Thursday, October 8, 2020

Sinicization of Tibetans and Tibetan Buddhism: Fact or fancy


The recent much hyped news about the transformation of Tibetan Buddhism, namely Tibetan Buddhist Studies, into that of China’s version or adapted into the needs as per the party’s propaganda tools, for its hypochondria of sky-falling paranoia of detecting a more powerful attraction above it and its shallow philosophical grounds, as could be learned from the suppression of Falun Gong movements or sect throughout China, what could be so confidently presented just as a generality is that Tibetan Buddhist Studies (Science of thoughts and emotions to its arrays of knowledge fields including, as the major factors, ontology, epistemology and training of minds) is so much or far above socialistic ideals brimming just along a blurry horizon of just perorating but not of praxis, for being a commoner, self-interested one. We have far sounder evidence related to coherentism, shared knowledge that can be postulated so much by why a Westerner is that interested in our mindfulness training (physical body, feelings, core mind, and the reality), and heuristic approaches for self-liberation first. 

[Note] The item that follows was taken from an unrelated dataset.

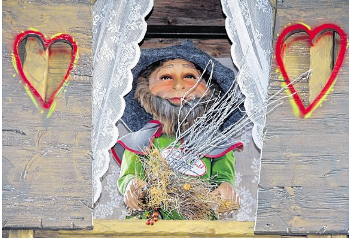
// Zauberhafte Zwerge und weitere bekannte Märchenfiguren bevölkern den Märchenwald.

Darüber hinaus sind attraktive Aktionen geplant. An allen Adventssamstagen (30. November, 7., 14. und 21. Dezember) gibt es als Kooperation zwischen den Veranstaltern des Märchenwaldes, der Werbegemeinschaft Mannheim City und dem Varieté Palazzo um 18 Uhr vor dem Brunnen auf dem Paradeplatz eine halbstündige Show unter dem Motto „Feuer, Flammen, Emotionen“. Teil dieser faszinierenden Darbietung aus Fantasie, Märchen, Walking Acts und Feuerkunst ist Palazzo-Star Freddy Sahin Scholl, auch bekannt aus der TV-Sendung „Das Supertalent“. An den Adventssonntagen treten abwechselnd das ehemalige Mitglied der Söhne Mannheims, Claus Eisenmann, und der „Mannheimer Eros Ramazzotti“, Naro Vitale, auf. Sonntags lockt die Show sodann mit einem Feuerwerk in die Mannheimer Innenstadt. Beginn ist auch hierbei immer um 18 Uhr. Unterstützt durch die Grossmarkt

But the sinicization of Tibetans, though being more than farfetched, is an interesting matter, granted that a commoner’s mind can be lured by mundane pleasures or this-life-related, matter-of-fact glitter and glamor, so obtainable, if one could betake oneself to the fray. Then, despite stark impossibility, once formed and molded as a hardy cast as thus, as a run-of-the-mill Chinese now, China could arm herself with the highest altitude dwelling legion of brave herders of warrior instinct. We had been merciless once. Mark it! 


While jotting it down, these odd notes, I happen to get struck with a sudden thought. What, could my late  beloved mother have ever envisioned his only son could be that cranky, staying in an alien land as a guest, trying to convey his deep seated feelings through an extrinsic means of expression? So unfortunately, the first alphabet I learned back then when I was seven was ABCD rather than ཀ་ཁ་ག་ང་།, ABCD each displayed on a smooth square wooden card by a Bhutanese English teacher, maybe named Sir Mencha, for us, the snotty village lads on the plank floor, to be identified by pronouncing it aloud. The crude, axe-hewn, weathered dark wooden shingles roofed oblong shack housing some four classes, with a balustraded verandah of wooden balusters raised from the ground level reached by wooden steps on its either end; it stood just at the foot of a scrubbed over hummock, with the strays of bushes at hand’s reach from the back windows: I am ephemerally once there, when she lived.